As Matchmaker moves forward, multiple characters grow and get into relationships, except for Mason, who increasingly becomes the center of attention in the 5th and 6th chapters. The whole cast coalesces around Mason’s crush on Adam, a gay man who works at the local coffee shop where Marlowe takes a job while recovering from a hand/arm injury induced by drawing too much furry smut. As Mason continues to have boy problems, there are planned dates, false starts, and lots of wine and weed gummies. The ending of the book comes in somewhat of a rush, and after Mason gets the man, a final and predictable twist puts the cherry on the proverbial sundae. That’s hardly enough to mar the book, but it ties things up a little too neatly, as though the comic had gotten the bad news from the editorial team at Shojo Beat that it was being canceled in 5 issues and needed to be wrapped up.
Matchmaker has a consistent humorous tone: one-liners abound and a little physical comedy makes the volume a pleasant yet predictable read. The book is positive, affirming, and welcoming, while still managing to deal with things like long COVID, antidepressant use, stress from gender transition, and other heavy topics. That being said, the tone of Matchmaker is largely one-note, and the conflict, inasmuch as it exists, is between the characters and the State of Things (main character Kimmy at one point complains that “Capitalism is trying to stop me from having gay sex.”) Being broke and sharing cash is a large part of the comic, but economic fragility and being working class are more often part of the one-liners that carry the comics’ humor. To be fair, Matchmaker does have a lot to say, politically, in its obvious and affirming queerness, which is in itself a radical act when contrasted against the current social milieu. But in any other aspect of life, Matchmaker gestures at politics rather than having a political argument.

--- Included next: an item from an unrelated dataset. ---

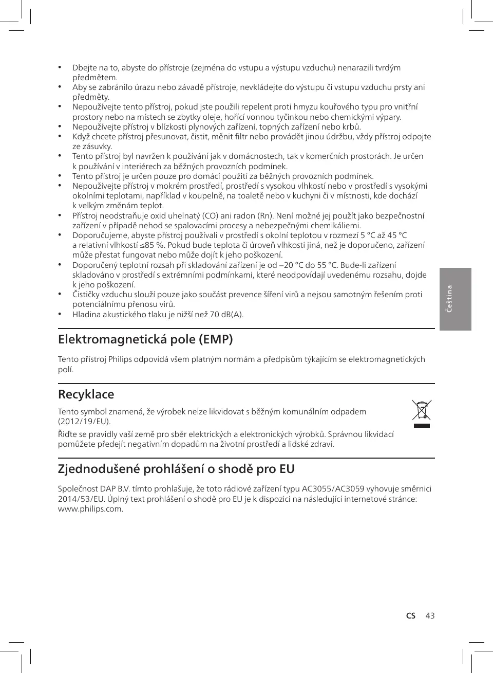 Společnost DAP B.V. tímto prohlašuje, že toto rádiové zařízení typu AC3055/AC3059 vyhovuje směrnici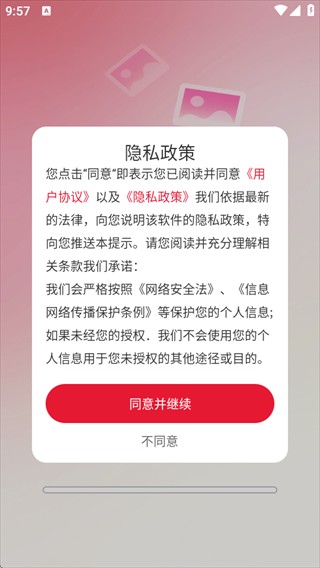 1、打开推搪壁纸,阅读用户协议与隐私政策后,点击同意并继续;

And honestly, that’s just fine. The thing Matchmaker is attempting to do is to create a character-focused drama that’s queer, cute, cozy, and sort of slutty, and it does that really well. The comics are funny, the cartooning is simple but attractive, and it holds itself together pretty well, even if the ending feels a bit rushed. It’s a wholesome chicken soup for the queer soul. If that’s what you want out of a book right now, well, Matchmaker is prime picking. Throughout the book, what rests with you as the reader is the conviction of all its characters that everything is going to be okay. In the depths of a horrible pandemic, and in a society that discriminates against queer people, that simple assertion, that “everything is gonna be alright,” carries enough weight to pull Matchmaker through to a satisfying conclusion.